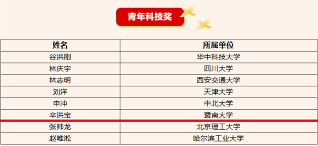 青年科技奖颁奖照片(右3为辛洪宝教授)
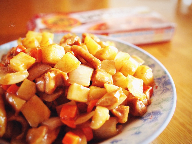 33君。 做过 咖喱饭 终于把哥哥从霓虹带回来的咖喱用掉啦 因为包装上表示辛味順位达到了最高等级 怕辣 只放了一小块(貌似放少了)……浇到米饭上就是咖喱饭了嘛~全家同心 其利断金XD 2013-01-26
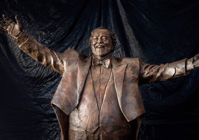 La statua in bronzo, lo ricordiamo, verrà collocata in via Goldoni a Modena, sotto il portico del Teatro Comunale. Fusa gratuitamente da tre fonderie artistiche aderenti all'associazione Artigianart-Pietrasanta (Da Prato, Mariani e Versiliese), è partita dalla città toscana questa mattina ed è giunta con un trasporto speciale a Modena, dove si provvederà a fissarla al basamento e a coprirla con un velo che sarà tolto all’inaugurazione, in programma oggi alle 28. Il trasporto e la collocazione in via Goldoni con la realizzazione del basamento, a carico del Comune di Modena, sono costati circa 20 mila euro. Alla cerimonia di oggi partecipano l’attuale commissario del Comune di Pietrasanta Giuseppe Priolo e l’ex sindaco Massimo Mallegni. La statua in bronzo raffigura Luciano Pavarotti in piedi a grandezza naturale, sorridente e a braccia aperte con il foulard nella mano sinistra nell’atteggiamento tipico di saluto al pubblico dopo le sue esibizioni (l’opera misura
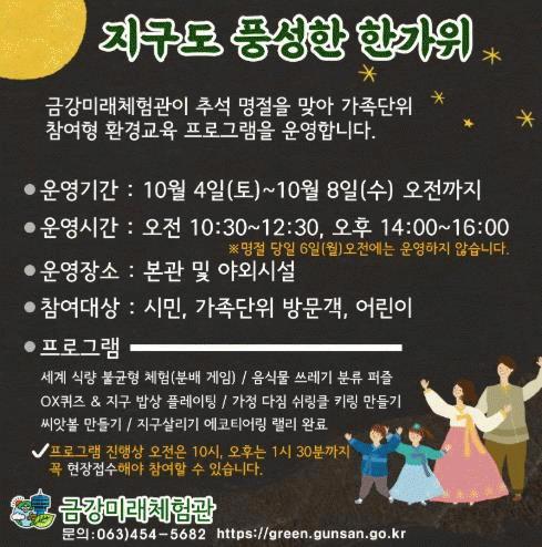 ±èÇö¼÷ ±º»ê½Ã ±âÈÄȯ°æ°úÀåÀº ¡°Ãß¼®À̶ó´Â ÀüÅë ¸íÀýÀÇ Àǹ̿¡ ȯ°æ°ú ³ª´®ÀÇ °¡Ä¡¸¦ ´õÇØ °¡Á·ÀÌ ÇÔ²² Áö±¸¸¦ »ý°¢ÇÏ´Â ½Ã°£À» ¸¶·ÃÇß´Ù¡±¸ç ¡°¸íÀýÀÇ Ç³¼ºÇÔÀ» ³ª ÀڽŰú °¡Á·, ±×¸®°í Áö±¸±îÁö ÇÔ²² ³ª´©´Â °è±â°¡ µÇ±æ ¹Ù¶õ´Ù¡±°í ¸»Çß´Ù.

▶ EXERCISE GOAL
Return the material in full and unaltered, minus its pictures.

▶ ANSWER TO THIS PROBLEM
 青年科技奖颁奖照片(右3为辛洪宝教授)
 33君。 做过 咖喱饭 终于把哥哥从霓虹带回来的咖喱用掉啦 因为包装上表示辛味順位达到了最高等级 怕辣 只放了一小块(貌似放少了)……浇到米饭上就是咖喱饭了嘛~全家同心 其利断金XD 2013-01-26
 La statua in bronzo, lo ricordiamo, verrà collocata in via Goldoni a Modena, sotto il portico del Teatro Comunale. Fusa gratuitamente da tre fonderie artistiche aderenti all'associazione Artigianart-Pietrasanta (Da Prato, Mariani e Versiliese), è partita dalla città toscana questa mattina ed è giunta con un trasporto speciale a Modena, dove si provvederà a fissarla al basamento e a coprirla con un velo che sarà tolto all’inaugurazione, in programma oggi alle 28. Il trasporto e la collocazione in via Goldoni con la realizzazione del basamento, a carico del Comune di Modena, sono costati circa 20 mila euro. Alla cerimonia di oggi partecipano l’attuale commissario del Comune di Pietrasanta Giuseppe Priolo e l’ex sindaco Massimo Mallegni. La statua in bronzo raffigura Luciano Pavarotti in piedi a grandezza naturale, sorridente e a braccia aperte con il foulard nella mano sinistra nell’atteggiamento tipico di saluto al pubblico dopo le sue esibizioni (l’opera misura
 ±èÇö¼÷ ±º»ê½Ã ±âÈÄȯ°æ°úÀåÀº ¡°Ãß¼®À̶ó´Â ÀüÅë ¸íÀýÀÇ Àǹ̿¡ ȯ°æ°ú ³ª´®ÀÇ °¡Ä¡¸¦ ´õÇØ °¡Á·ÀÌ ÇÔ²² Áö±¸¸¦ »ý°¢ÇÏ´Â ½Ã°£À» ¸¶·ÃÇß´Ù¡±¸ç ¡°¸íÀýÀÇ Ç³¼ºÇÔÀ» ³ª ÀڽŰú °¡Á·, ±×¸®°í Áö±¸±îÁö ÇÔ²² ³ª´©´Â °è±â°¡ µÇ±æ ¹Ù¶õ´Ù¡±°í ¸»Çß´Ù.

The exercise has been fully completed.